_TASK DIRECTIONS_. When the line with "根据教育部《2026年全国硕" appears below, start repeating lines exactly, and keep going through the line with "The operation of"; add nothing outside that span.

_RECORDS FOR PROCESSING_.
****************
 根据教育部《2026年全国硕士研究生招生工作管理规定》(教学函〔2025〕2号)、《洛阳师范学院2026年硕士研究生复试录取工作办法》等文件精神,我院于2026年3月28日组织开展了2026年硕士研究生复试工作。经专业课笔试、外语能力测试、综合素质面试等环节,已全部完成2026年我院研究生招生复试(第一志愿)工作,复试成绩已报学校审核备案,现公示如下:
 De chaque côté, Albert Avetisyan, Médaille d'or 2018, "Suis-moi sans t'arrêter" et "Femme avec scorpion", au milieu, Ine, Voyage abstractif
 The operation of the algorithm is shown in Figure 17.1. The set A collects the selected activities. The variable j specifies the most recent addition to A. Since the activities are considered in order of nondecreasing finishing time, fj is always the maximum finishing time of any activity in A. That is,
****************
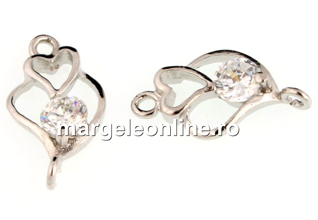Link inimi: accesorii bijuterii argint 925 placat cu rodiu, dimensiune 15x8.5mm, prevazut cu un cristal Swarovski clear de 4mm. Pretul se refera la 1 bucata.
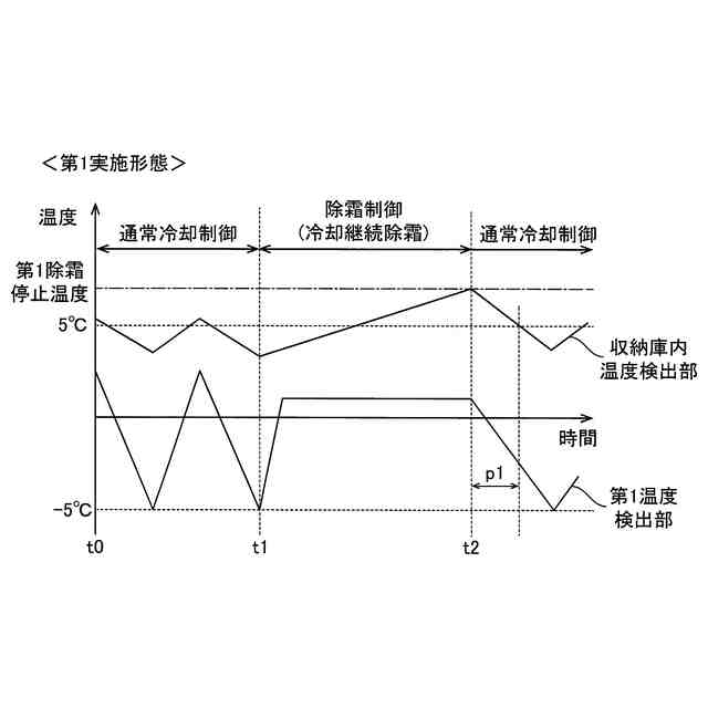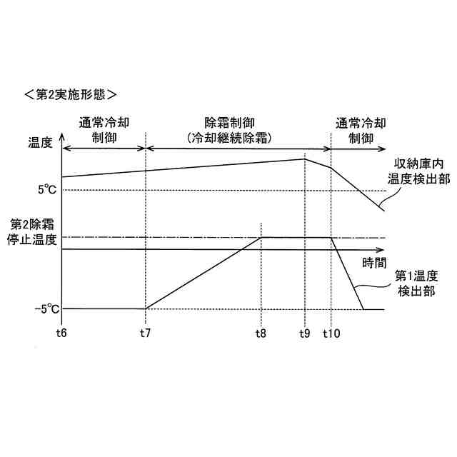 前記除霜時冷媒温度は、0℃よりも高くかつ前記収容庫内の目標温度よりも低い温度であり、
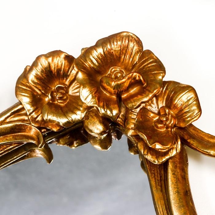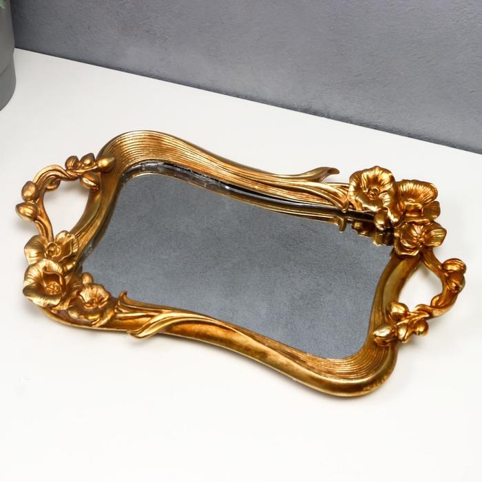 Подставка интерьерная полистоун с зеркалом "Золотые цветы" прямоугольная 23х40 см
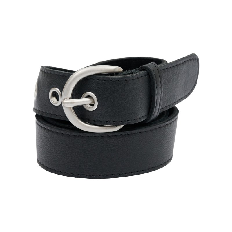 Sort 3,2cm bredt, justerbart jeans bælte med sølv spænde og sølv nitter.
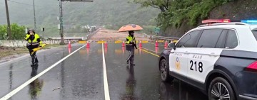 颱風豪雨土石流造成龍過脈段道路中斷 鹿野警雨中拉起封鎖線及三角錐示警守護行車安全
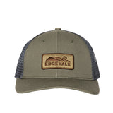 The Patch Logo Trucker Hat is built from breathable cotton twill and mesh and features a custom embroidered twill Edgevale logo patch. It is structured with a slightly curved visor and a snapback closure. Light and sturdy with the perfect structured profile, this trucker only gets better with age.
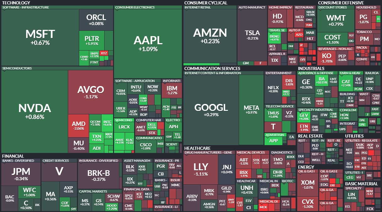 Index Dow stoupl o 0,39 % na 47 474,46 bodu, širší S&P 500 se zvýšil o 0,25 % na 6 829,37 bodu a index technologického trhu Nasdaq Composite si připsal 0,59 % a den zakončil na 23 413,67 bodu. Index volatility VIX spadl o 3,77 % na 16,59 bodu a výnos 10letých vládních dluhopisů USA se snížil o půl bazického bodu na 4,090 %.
****************
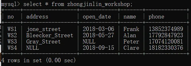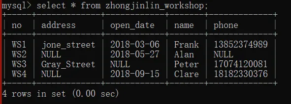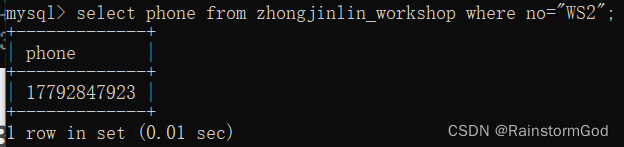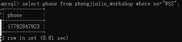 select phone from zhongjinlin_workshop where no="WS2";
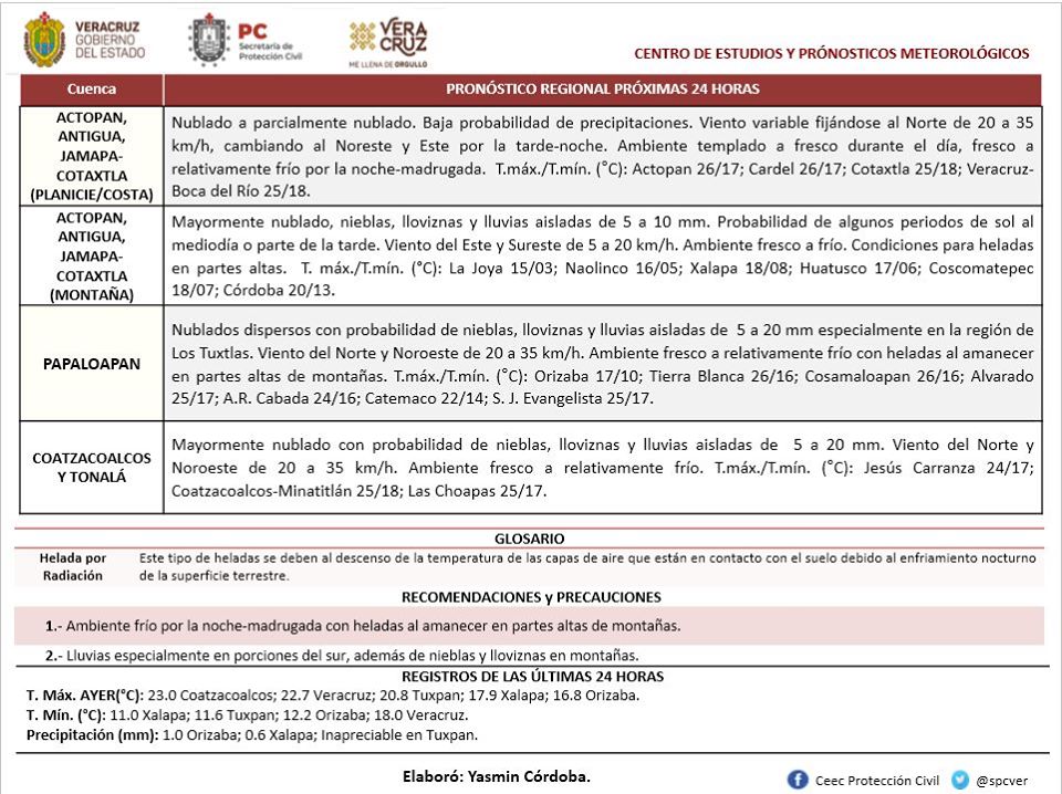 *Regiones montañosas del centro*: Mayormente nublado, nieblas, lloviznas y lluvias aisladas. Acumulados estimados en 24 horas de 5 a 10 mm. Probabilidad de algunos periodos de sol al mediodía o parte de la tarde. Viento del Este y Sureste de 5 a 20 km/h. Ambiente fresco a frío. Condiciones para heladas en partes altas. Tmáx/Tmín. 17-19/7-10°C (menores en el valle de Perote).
****************
_SOLUTION TO THIS EXERCISE_.
 根据教育部《2026年全国硕士研究生招生工作管理规定》(教学函〔2025〕2号)、《洛阳师范学院2026年硕士研究生复试录取工作办法》等文件精神,我院于2026年3月28日组织开展了2026年硕士研究生复试工作。经专业课笔试、外语能力测试、综合素质面试等环节,已全部完成2026年我院研究生招生复试(第一志愿)工作,复试成绩已报学校审核备案,现公示如下:
 De chaque côté, Albert Avetisyan, Médaille d'or 2018, "Suis-moi sans t'arrêter" et "Femme avec scorpion", au milieu, Ine, Voyage abstractif
 The operation of the algorithm is shown in Figure 17.1. The set A collects the selected activities. The variable j specifies the most recent addition to A. Since the activities are considered in order of nondecreasing finishing time, fj is always the maximum finishing time of any activity in A. That is,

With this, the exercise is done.